Excerpted records:
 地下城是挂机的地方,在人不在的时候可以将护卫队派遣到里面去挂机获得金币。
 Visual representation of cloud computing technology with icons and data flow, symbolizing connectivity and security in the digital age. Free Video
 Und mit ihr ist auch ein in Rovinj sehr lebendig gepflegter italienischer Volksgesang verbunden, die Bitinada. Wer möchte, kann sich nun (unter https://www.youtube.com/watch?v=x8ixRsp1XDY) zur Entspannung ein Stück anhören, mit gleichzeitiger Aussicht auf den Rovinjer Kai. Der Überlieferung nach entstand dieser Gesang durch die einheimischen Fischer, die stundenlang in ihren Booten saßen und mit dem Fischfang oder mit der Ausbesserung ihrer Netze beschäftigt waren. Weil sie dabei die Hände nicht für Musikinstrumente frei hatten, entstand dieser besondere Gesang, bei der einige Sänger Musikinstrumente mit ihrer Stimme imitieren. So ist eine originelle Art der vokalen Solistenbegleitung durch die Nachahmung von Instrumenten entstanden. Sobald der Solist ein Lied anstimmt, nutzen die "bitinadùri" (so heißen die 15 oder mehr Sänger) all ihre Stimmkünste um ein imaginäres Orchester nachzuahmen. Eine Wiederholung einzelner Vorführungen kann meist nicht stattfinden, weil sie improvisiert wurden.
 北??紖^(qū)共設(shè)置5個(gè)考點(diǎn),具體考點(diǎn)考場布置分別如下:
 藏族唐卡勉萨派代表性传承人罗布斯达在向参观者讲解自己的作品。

==

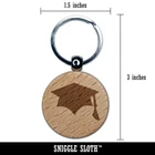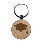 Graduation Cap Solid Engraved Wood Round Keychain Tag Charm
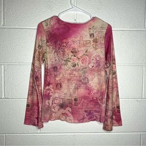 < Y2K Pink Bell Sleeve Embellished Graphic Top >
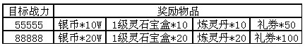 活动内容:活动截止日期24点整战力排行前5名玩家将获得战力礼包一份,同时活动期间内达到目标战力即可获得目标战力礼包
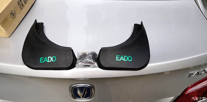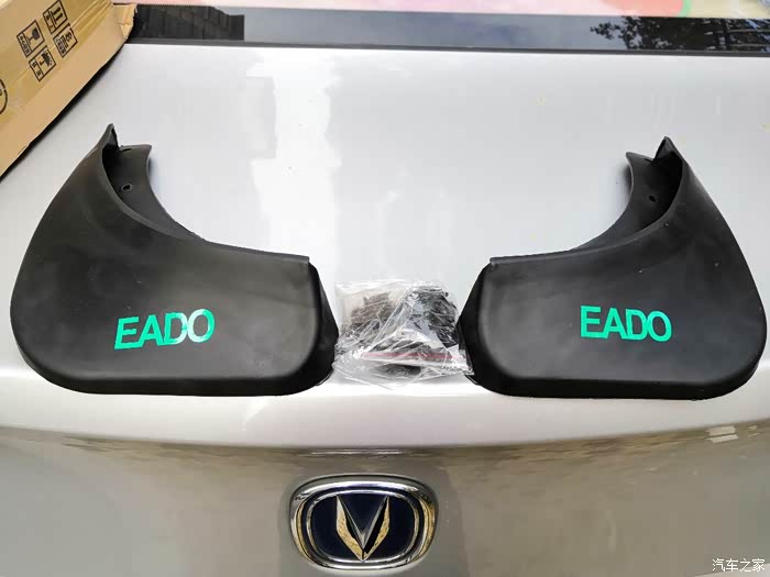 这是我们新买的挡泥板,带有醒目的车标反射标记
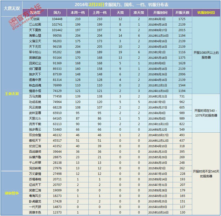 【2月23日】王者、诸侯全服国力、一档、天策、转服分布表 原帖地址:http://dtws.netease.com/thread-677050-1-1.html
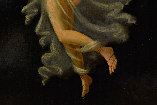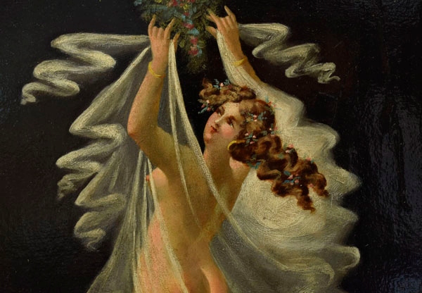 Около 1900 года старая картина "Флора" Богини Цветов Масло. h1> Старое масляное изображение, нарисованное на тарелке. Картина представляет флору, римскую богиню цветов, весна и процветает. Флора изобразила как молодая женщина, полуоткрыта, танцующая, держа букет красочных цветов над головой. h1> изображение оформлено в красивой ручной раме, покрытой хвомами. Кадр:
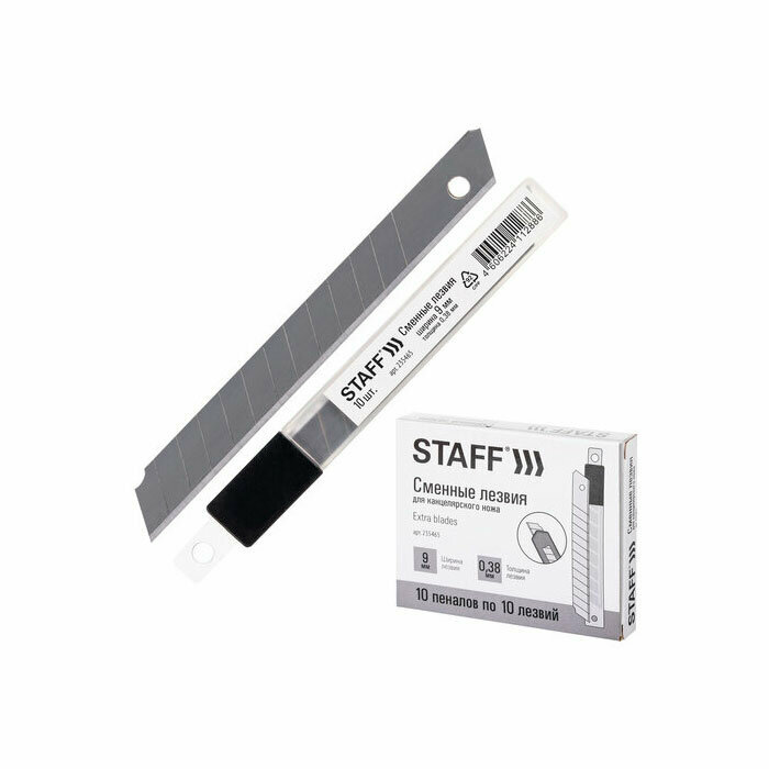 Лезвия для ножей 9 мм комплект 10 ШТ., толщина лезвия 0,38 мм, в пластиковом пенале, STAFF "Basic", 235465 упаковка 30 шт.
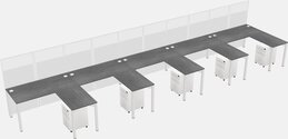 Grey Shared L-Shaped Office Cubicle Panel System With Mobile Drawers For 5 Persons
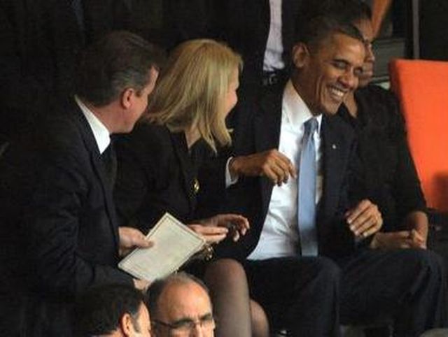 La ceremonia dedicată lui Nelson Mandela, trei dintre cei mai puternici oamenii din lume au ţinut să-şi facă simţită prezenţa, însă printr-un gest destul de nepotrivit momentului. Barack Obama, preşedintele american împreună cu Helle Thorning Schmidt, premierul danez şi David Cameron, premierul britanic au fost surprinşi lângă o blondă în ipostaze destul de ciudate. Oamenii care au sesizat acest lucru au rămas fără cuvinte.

Work item: Could you output exactly the lines above, from the line with "活动内容:活动截止日期24点" up to and including the line with "La ceremonia dedicată", and nothing else, skipping the pictures?

Answer space:
 活动内容:活动截止日期24点整战力排行前5名玩家将获得战力礼包一份,同时活动期间内达到目标战力即可获得目标战力礼包
 这是我们新买的挡泥板,带有醒目的车标反射标记
 【2月23日】王者、诸侯全服国力、一档、天策、转服分布表 原帖地址:http://dtws.netease.com/thread-677050-1-1.html
 Около 1900 года старая картина "Флора" Богини Цветов Масло. h1> Старое масляное изображение, нарисованное на тарелке. Картина представляет флору, римскую богиню цветов, весна и процветает. Флора изобразила как молодая женщина, полуоткрыта, танцующая, держа букет красочных цветов над головой. h1> изображение оформлено в красивой ручной раме, покрытой хвомами. Кадр:
 Лезвия для ножей 9 мм комплект 10 ШТ., толщина лезвия 0,38 мм, в пластиковом пенале, STAFF "Basic", 235465 упаковка 30 шт.
 Grey Shared L-Shaped Office Cubicle Panel System With Mobile Drawers For 5 Persons
 La ceremonia dedicată lui Nelson Mandela, trei dintre cei mai puternici oamenii din lume au ţinut să-şi facă simţită prezenţa, însă printr-un gest destul de nepotrivit momentului. Barack Obama, preşedintele american împreună cu Helle Thorning Schmidt, premierul danez şi David Cameron, premierul britanic au fost surprinşi lângă o blondă în ipostaze destul de ciudate. Oamenii care au sesizat acest lucru au rămas fără cuvinte.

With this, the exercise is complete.